Today’s consumers are more demanding than ever. They want to see beyond the shiny packaging and understand a brand’s authentic story. To meet this demand, many organizations have introduced social responsibility programs as part of their corporate social responsibility (CSR) initiatives.
CSR is the practice of businesses considering the positive impacts of their activities on society beyond a company’s financial performance. However, CSR is not just about spending money to do good or charity; it’s about adopting a business model where you are creating value for the society and at the same time, creating value for your business.
Now, there are numerous benefits to incorporating social responsibility into business strategy. As such, marketers have come up with clever phrases like “natural” and “organic” that give the impression of being socially responsible without actually being so.
While it’s nothing new, it has become more common in light of consumers’ increasing interest in sustainable practices and support for brands that adopt them.
Fortunately, with a little knowledge about the sneaky tactics used to sell greenwashed products by using greenwashing practice, you can avoid falling for these tricks. In this article, we’ll discuss the various reasons why companies practice social responsibility and how to identify those that fake it.
Why Organizations Are Practicing CSR
Increase Brand Value
Brand value is a measurement of how much your customers are willing to pay for your goods or services.
If you want to maximize your brand’s value, you need to convey the type of person who uses your products. Using greenwashing practice, consumers will instantly connect with your brand and be more likely to buy from you.
If your customers believe you are committed to making a positive difference, they’ll be more likely to purchase your products or recommend them to friends. This can help you increase brand value by encouraging customers to buy more from your store and giving them a reason to refer your brand to friends.
Improve Your Bottom Line
Although social responsibility may not be top of mind for many companies, it can have a significant impact on the bottom line.
Brand advocacy is one of the best ways to increase sales by encouraging your customers to buy more. Additionally, customers are more likely to keep buying from you if you are committed to making a positive difference in the world. If you have a strong social responsibility program, potential investors may also be more likely to finance your company.
Investors typically want to support brands that have a positive impact and are committed to making the world a better place. Having a solid social responsibility strategy can help an organization stand out and make it more attractive to investors.
Make Your Company Attractive to Investors
Having a strong CSR program is one of the best ways to make your company attractive to investors.
Investors are looking for companies that are committed to making a positive impact on the world. If you have a strong social responsibility strategy in place, you can make your company more appealing to investors by demonstrating your commitment to making a positive difference.
Help Attract and Retain Employees
Many professionals are more interested in working for organizations that are committed to making a difference in the world. A recent survey found that nearly three-fourths of respondents would be willing to reduce their salary if it meant working for an organization that is committed to making a positive difference in the world.
Having a brand that is committed to making a difference can help your organization stand out and attract top talent. This way, you can also retain employees by giving them a sense of purpose and demonstrating that they are making a positive difference in the world.
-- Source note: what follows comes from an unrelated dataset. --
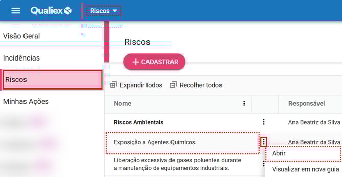 Para enviar um arquivo anexo a um risco, clique com o botão esquerdo do mouse sobre o risco desejado ou acesse o menu de contexto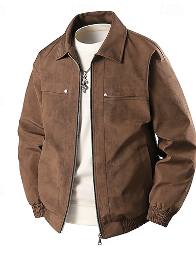 男性用 軽量ジャケット ボンバージャケット ボンバーレザージャケット 日常 バケーション ソフト ポケット 春 & 秋 平織り ファッション クラシック スタンド レギュラー アプリコット ブラック レッド ネイビーブルー ブラウン ジャケット

Showcase Your Company’s Expertise
As consumers become more sophisticated, they are less likely to be impressed with marketing jargon. Today, consumers want to see companies that are committed to making a difference in the world. This can help you attract potential clients and customers and prove your expertise to current ones.
For example, if your company specializes in nutrition and fitness, you may want to host nutrition classes or fitness seminars for the community. Doing so can help you showcase your expertise in nutrition and fitness and make an impact on your community at the same time.
How To Identify Companies that Fake CSR
Check the Company’s History
If a company has an extensive history of environmental negligence, then it’s unlikely that they’re serious about being socially responsible now.
After all, a company that has for example, made massive amounts of money from polluting the environment heavily in the past isn’t going to just start caring about the environment now because they want your business.
Look at Their Policies
If a company is being honest about being socially responsible, they should have policies in place that reflect that. For example, they may have a policy in place that requires their suppliers to follow certain sustainability standards. They may also have a policy that requires employees to use reusable products in their day-to-day work.
Another good way to see if a company is serious about its goodwill commitment to society environmentally friendly is to look at their track record.
Take a look at what types of sustainability initiatives the company has been involved with in the past. If the company has a track record of partnering with environmentally-friendly organizations, then it’s more likely that they’re being honest about their current efforts.
Examine Their Products and Services
If a company is serious about being aware of its impact on society, then they should have green practices throughout their entire business. That includes their products and services. If a company is offering environmentally friendly cleaning services but using harmful chemicals, then they’re probably not as responsible as they claim to be.
The Bottom Line
Ultimately, social responsibility is a win-win for both consumers and businesses. Consumers demand more ethical products, and businesses have responded by introducing their own social responsibility programs. However, not all businesses are genuine in their efforts to make a positive difference. That’s why it’s important to be able to spot a company that is not truly committed to making a difference.